Als die Nachricht von der Ernennung Nyssens zur Ministerin kam, war das nicht nur für mich ein Schock. Denn auch wenn es Gerüchte gegeben hatte, Emmanuel Macron sei im Hause Nyssen-Capitani zum Diner gewesen – dass er sie zur Ministerin ernennen würde, hatte keiner erwartet.

Danach stieg der Druck für alle Angestellten ins Unermessliche, denn die Argusaugen der Medien verfolgten quasi jeden unserer Schritte.

Optimismus und Glaube an ein lebenswertes Leben

Trotzdem das Ruder zu halten und 110 Schülern einen stabilen Schulalltag zu ermöglichen, ist wohl nur mit unschlagbarem Optimismus machbar. Zum Glück von Françoise Nyssen und ihrem Mann verkörpert Henri Dahan diesen Optimismus wie kein Zweiter. Bereits vor der Eröffnung der Schule schrieb er ein Buch über Impulse, die Kinder glücklich machen und ihnen das Leben beibringen sollen. Gemeinsam mit den Gründern stellte er während meines Jahres dort ganz besondere Veranstaltungen auf die Beine. Die Verlagschefs haben ein außerordentliches Adressbuch und für ihr persönliches Projekt ließen sie die Leitungen heiß laufen. Ökologische Aktivisten und Autoren wie der Humanist Pierre Rabhi und die indische Globalisierungskritikerin Vandana Shiva – beide publizieren bei Actes Sud – hielten an meiner Schule Vorträge und diskutierten mit den Kindern. Musiker und Schauspieler kamen zu Besuch und stellten ihre Kunst den Schülern vor – das war nicht nur aufregend für die Teenager, sondern auch eine Motivation: Das will ich auch!
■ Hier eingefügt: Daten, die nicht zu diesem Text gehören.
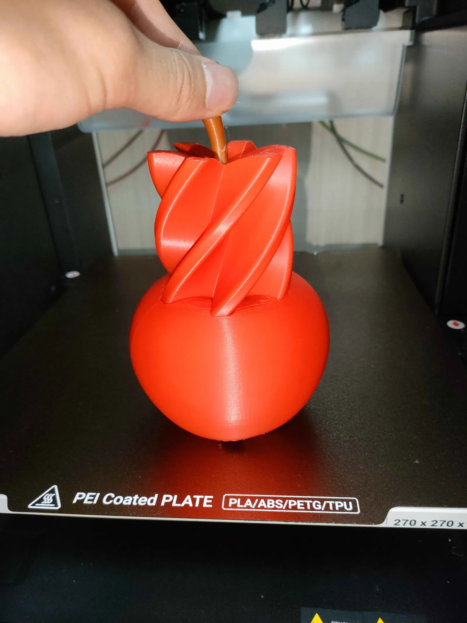 Mẫu táo trang trí với lớp vỏ xoắn, xoay là lộ phần lõi bên trong. Hiệu ứng spiral độc đáo, cảm giác vừa mechanical vừa organic. Không cần support, nên in dựng đứng, khuyến nghị PLA.

Es bleibt zu hoffen, dass dieses Feuer, das in Françoise Nyssen und ihren Kollegen brennt, nicht durch die Anspannung erstickt wird, sondern weiter lodert und durch den Glücksfall ihres Ministerpostens auf das gesamte französische Bildungssystem überspringt. Ich habe in meiner École Domaine du Possible beide Seiten kennengelernt, die Ruhe und den Enthusiasmus ebenso wie die Aufregung und das Durcheinander. Nicht nur nach dem Macron-Sturm, sondern auch schon vorher durch den pädagogischen Neuanfang aus dem Nichts.
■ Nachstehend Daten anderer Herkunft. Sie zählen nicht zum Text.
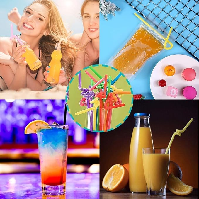 ストローカラーストロー 100本入 曲がる ストロー 使い捨てストローアートストロー ドリンクストロー 生分解性で環境に優しいストロー パーティー アウトドア
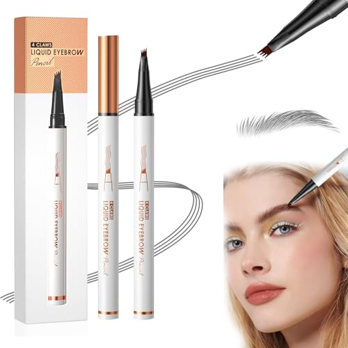 Magic Eyebrow Pencil, 3D Waterproof Eyebrow Pen, Long-Lasting Liquid Brow Pencil with 4 Micro-Fork Tip, Sweat-proof Eyebrow Pencil for Natural Eyebrow Makeup (Gray)
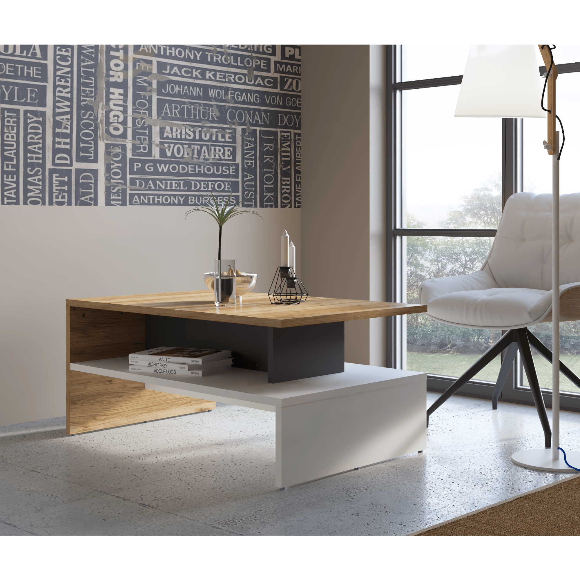 Moderní konferenční stolek SAGE jednoduše zapadne do každého obývacího pokoje. Vyrobený je z laminovaného dřevěného materiálu, pro který je typická snadná udržovatelnost i dlouhá životnost. Hlavní odkládací deska je doplněna o spodní polici, ta je dělena centrální nosnou příčkou, která hlavní desku podporuje, zvyšuje stabilitu stolku a zároveň efektivně dělí úložný prostor. Konferenční stolek SAGE podpoří styl vaší domácnosti a stane se její nedílnou součástí.

Über beides bin ich sehr glücklich, auch wenn ich abends oft geschlaucht in mein Bett fiel. Dankbarkeit empfinde ich auch darüber, Françoise Nyssen getroffen zu haben – als normale Bürgerin und Ministerin über Nacht.

Zur Autorin: Lina Petry (21) studiert Philosophie, Kunst und Gesellschaft an der Alanus Hochschule.